Thursday, September 28, 2017

Why I Love Cultures

It is common for people living in cultures foreign to them to at some point get a bit frustrated.  Things are not like they are used to, and this makes them uncomfortable.  Having spent most of my adult life living in a culture other than the one I grew up in, I have had my fare share of cultural discomfort, or as it is more commonly known, culture shock.


Yet, I love other cultures, and that love is one of the things that has helped me survive for so long away from my home culture.

I say I love cultures, but really it is the people who make up the cultures that I love.  In fact, it is my theology of people that has helped me make big steps in overcoming culture shock.  Allow me to explain.

As a Christian, I believe that God made people.  He made us in His own image, and He made us good.  However, we messed things up and became evil.  This doctrine is known as total depravity.  It is also the reason why culture shock exists.

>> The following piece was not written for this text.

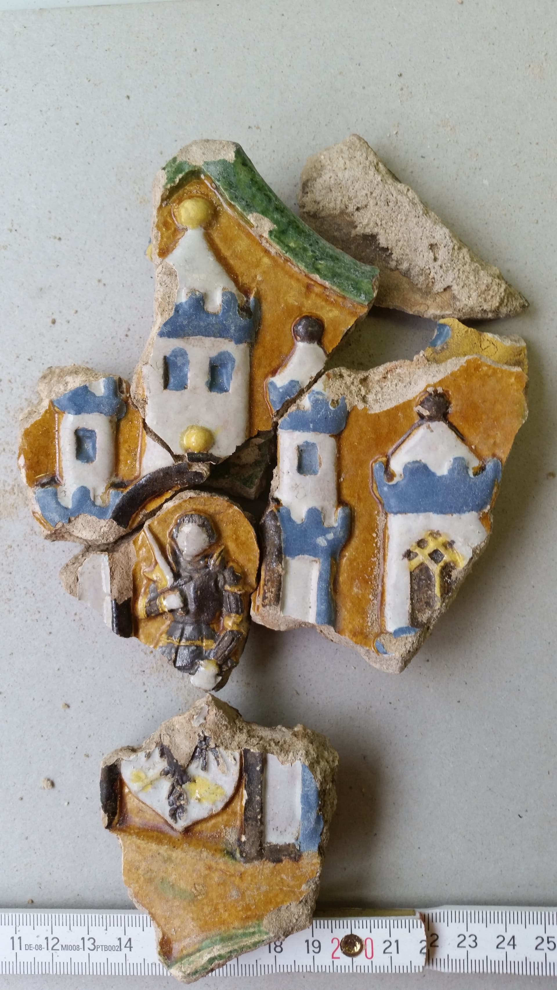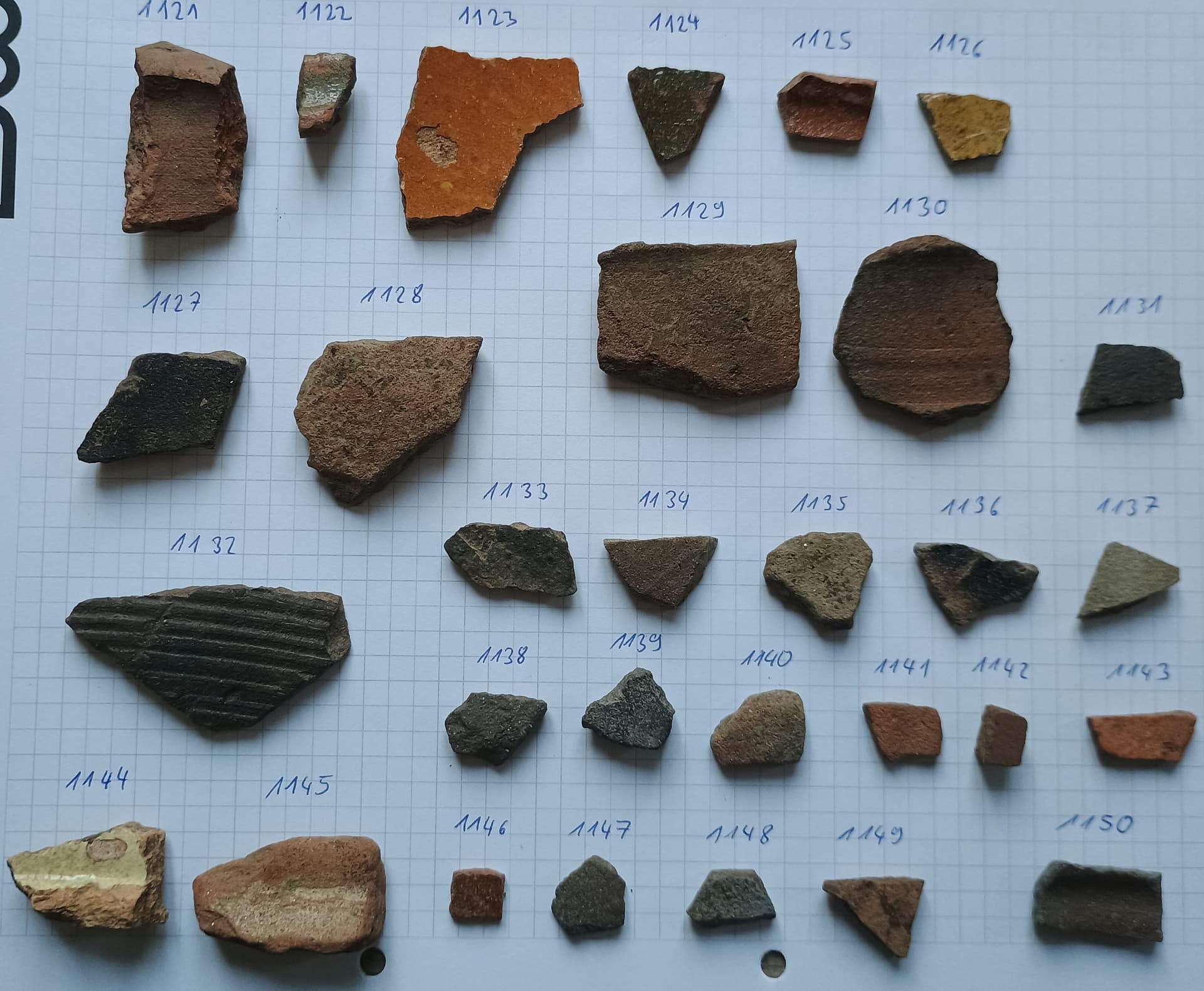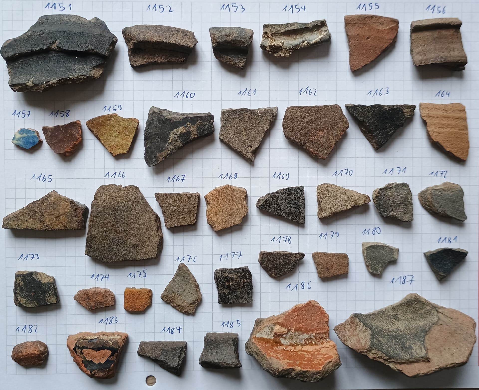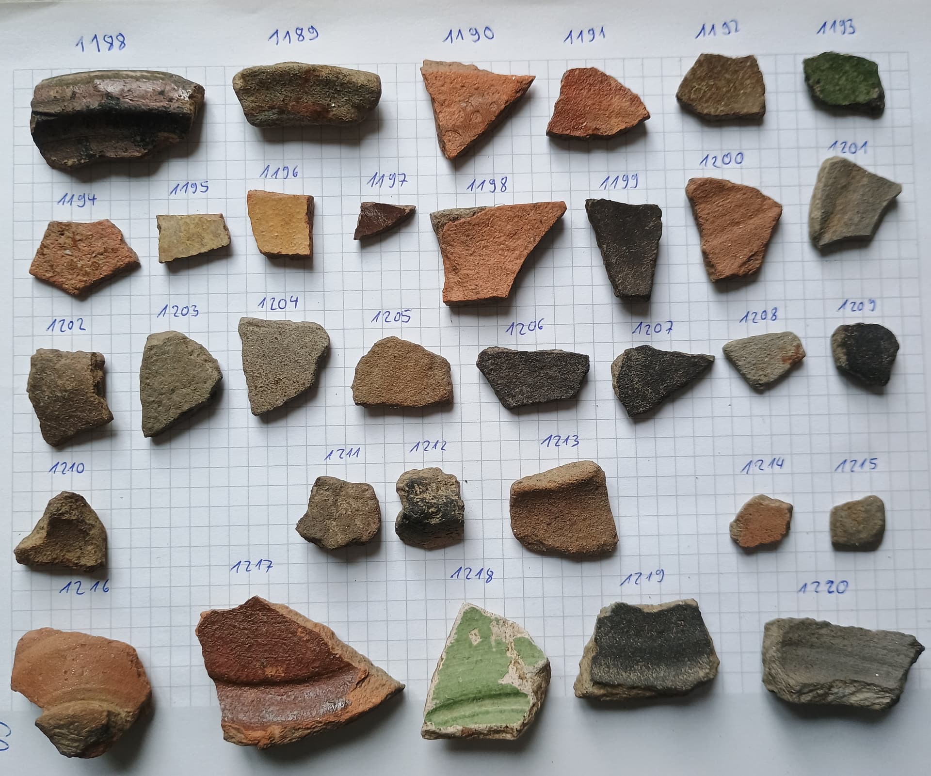 Diesmal viele sehr große Funde, aber leider nichts zueinander passendes. Wir haben sechs Randstücke unglasiert (1151 bis 1156). Die letzten beiden sind vermutlich Deckelstücke. Dann drei glasierte Wandstücke (1157- 1159). Ein Halsstück (1181). Eine Ofenkachel (1183), die möglicherweise zu der Ofenkachel mit schwarzer Glasur und Goldverzierung passt. Allerdings hab ich auf dem neuen Fund kein Gold gefunden, daher Fragezeichen. Vier Bodenstücke (1184-1187). Ein Mini-Stück, welches ich nicht zuordnen kann (1182). Der Rest sind unglasierte Wandscherben.

You see, culture shock comes when we look at something in another culture and think, “That’s not how it should be.”  Total depravity comes into the picture here in two ways.  The first is that the host culture that is frustrating us is made up of evil people who do things in an imperfect and evil way.  The second is that we are evil and think that these other evil people need to do their imperfect things in our imperfect way.

Of course, it is difficult for us to see our own reflection.  We assume that all of the problems come from the host culture, and we blame them.  We get angry and frustrated that they are not like us.  We never seem to notice that in wishing that they would be more like us we are wishing them to be angry frustrated people.

If we left the story here, it would be depressing and hopeless, and we would only end up hating everyone in the world (even ourselves).  Yet God did not leave us this way.  He came into our world and experienced human culture.  He died for our sins and He redeemed all of humanity.  Everyone can be saved and redeemed.  “Everyone who calls on the name of the Lord will be saved.” (Joel 2:32)

When I see other cultures, I see the evil.  But I also see the people that God loves.  He came to redeem them, and in each of them there is much good to see.

Last month I visited Greece.  Today I am in Bulgaria.  Tomorrow I will be in Romania.  Each culture is made up of wonderful and flawed people, just like me.

Like me, they are people who do not deserve redemption.
Like me, they are people who do not deserve love.
Yet like me, they are people that Jesus died to save.

When we realize that every single person we ever meet is someone who Jesus came to redeem in the same way He redeemed me, it becomes very difficult to dislike him or his culture.

If we truly believe the good news of undeserved salvation by grace through faith, pride falls away.  Without pride, there is no ethnocentrism, and there is no culture shock.

In Jesus we realize that we are all loved by God even though we deserve wrath.  How can we then turn around and hate others for not being like us?

When we realize that everyone is loved by God, just like we are, it liberates us from our pride, frustration, anger, and hate; and it allows us to love other people and cultures.

Jesus is the cure for culture shock.
Jesus is the cure for ethnocentrism.
Jesus is the cure for racism.

At least He would be if we acted like we really believed.